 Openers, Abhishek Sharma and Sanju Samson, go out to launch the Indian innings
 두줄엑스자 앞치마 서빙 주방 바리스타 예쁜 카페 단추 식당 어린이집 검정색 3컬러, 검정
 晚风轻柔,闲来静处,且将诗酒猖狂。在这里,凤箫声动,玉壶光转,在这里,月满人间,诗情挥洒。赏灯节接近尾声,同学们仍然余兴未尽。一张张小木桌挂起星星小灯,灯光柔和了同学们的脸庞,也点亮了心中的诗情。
...
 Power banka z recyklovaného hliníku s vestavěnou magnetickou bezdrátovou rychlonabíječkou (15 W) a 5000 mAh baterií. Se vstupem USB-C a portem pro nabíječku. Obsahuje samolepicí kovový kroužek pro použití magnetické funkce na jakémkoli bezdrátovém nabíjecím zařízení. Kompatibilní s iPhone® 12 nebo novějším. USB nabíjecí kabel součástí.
==
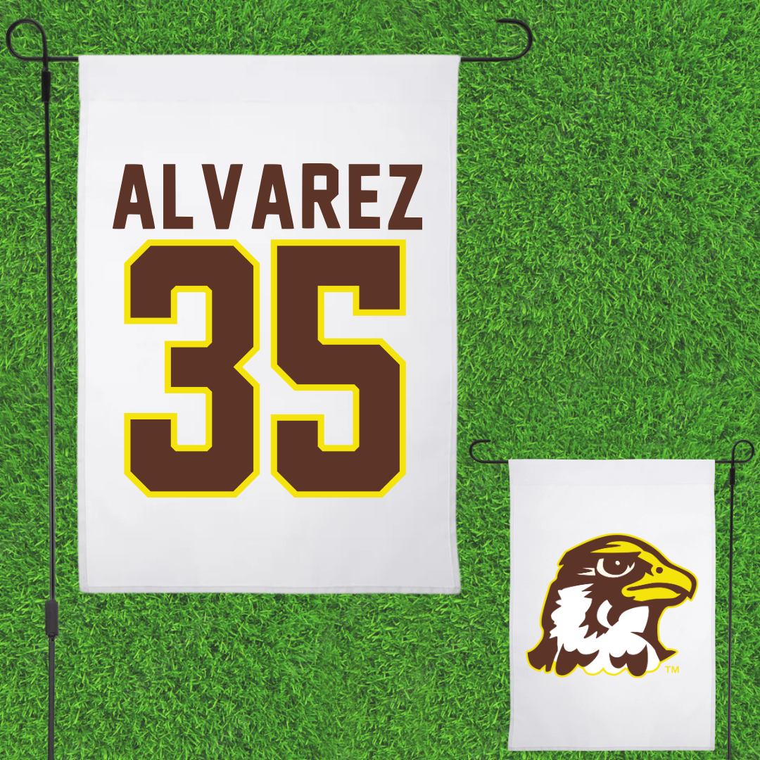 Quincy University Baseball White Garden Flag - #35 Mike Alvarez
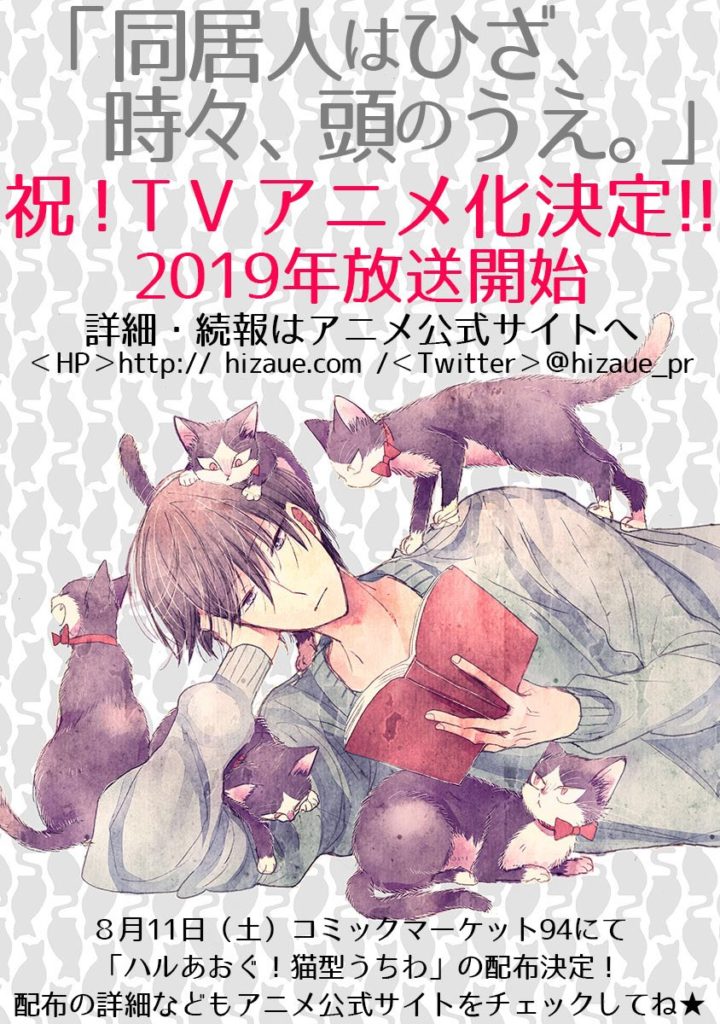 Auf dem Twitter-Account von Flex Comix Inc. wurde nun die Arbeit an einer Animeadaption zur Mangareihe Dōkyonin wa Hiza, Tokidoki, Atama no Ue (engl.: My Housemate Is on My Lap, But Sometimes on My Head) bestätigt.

* [WHAT THE TASK REQUIRES]: Please return the data above exactly as it stands from the line with "Quincy University Baseball" to the line with "Auf dem Twitter-Account", keeping both of those lines but none of the pictures.

* [SOLVED PROBLEM]:
 Quincy University Baseball White Garden Flag - #35 Mike Alvarez
 Auf dem Twitter-Account von Flex Comix Inc. wurde nun die Arbeit an einer Animeadaption zur Mangareihe Dōkyonin wa Hiza, Tokidoki, Atama no Ue (engl.: My Housemate Is on My Lap, But Sometimes on My Head) bestätigt.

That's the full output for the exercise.